--- Provided data Enclosed Below ---

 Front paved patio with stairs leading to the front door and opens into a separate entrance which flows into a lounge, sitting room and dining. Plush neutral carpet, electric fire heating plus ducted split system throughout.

--- End of Enclosed Provided data ---
--- Provided data Enclosed Below ---

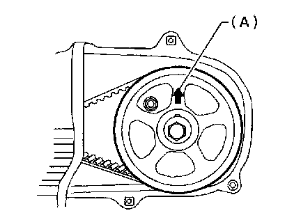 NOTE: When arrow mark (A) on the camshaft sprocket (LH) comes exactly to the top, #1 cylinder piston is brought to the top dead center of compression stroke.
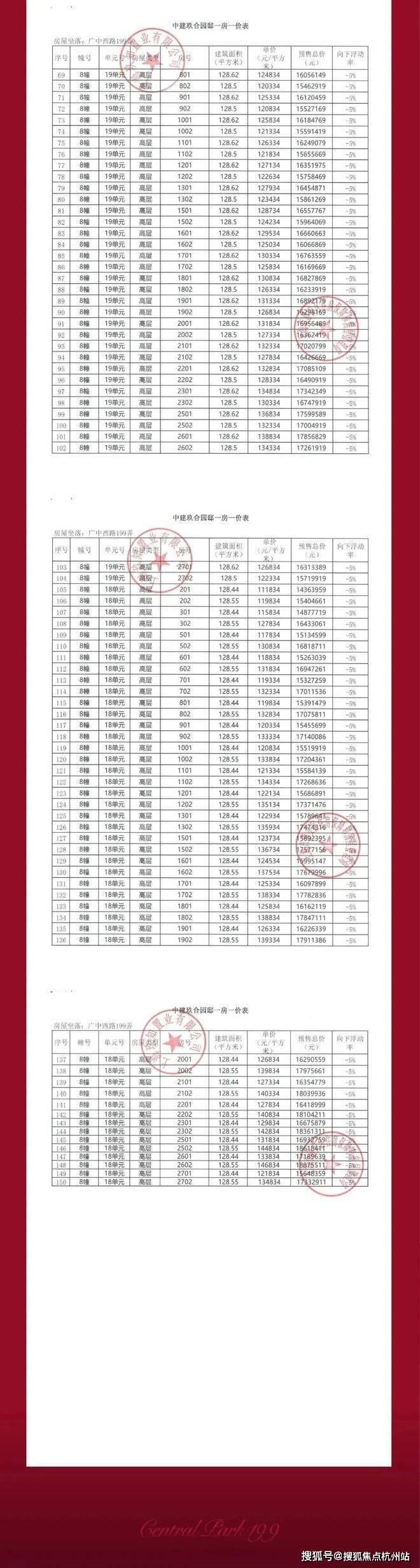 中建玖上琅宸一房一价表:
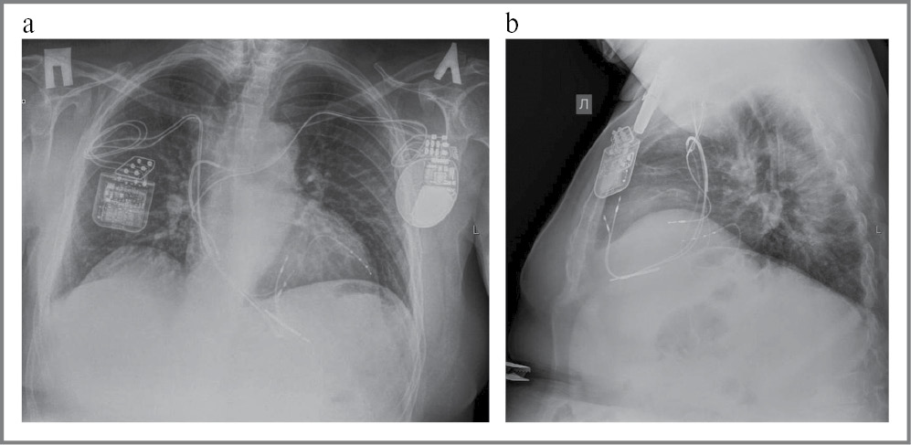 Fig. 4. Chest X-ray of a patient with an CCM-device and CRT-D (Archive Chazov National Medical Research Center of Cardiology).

--- End of Enclosed Provided data ---

## To do
In the entries above, find the line that contains "NOTE: When arrow" and the line that contains "Fig. 4. Chest". Reproduce exactly those two lines and every line between them, but not the pictures.

## Result for this task
 NOTE: When arrow mark (A) on the camshaft sprocket (LH) comes exactly to the top, #1 cylinder piston is brought to the top dead center of compression stroke.
 中建玖上琅宸一房一价表:
 Fig. 4. Chest X-ray of a patient with an CCM-device and CRT-D (Archive Chazov National Medical Research Center of Cardiology).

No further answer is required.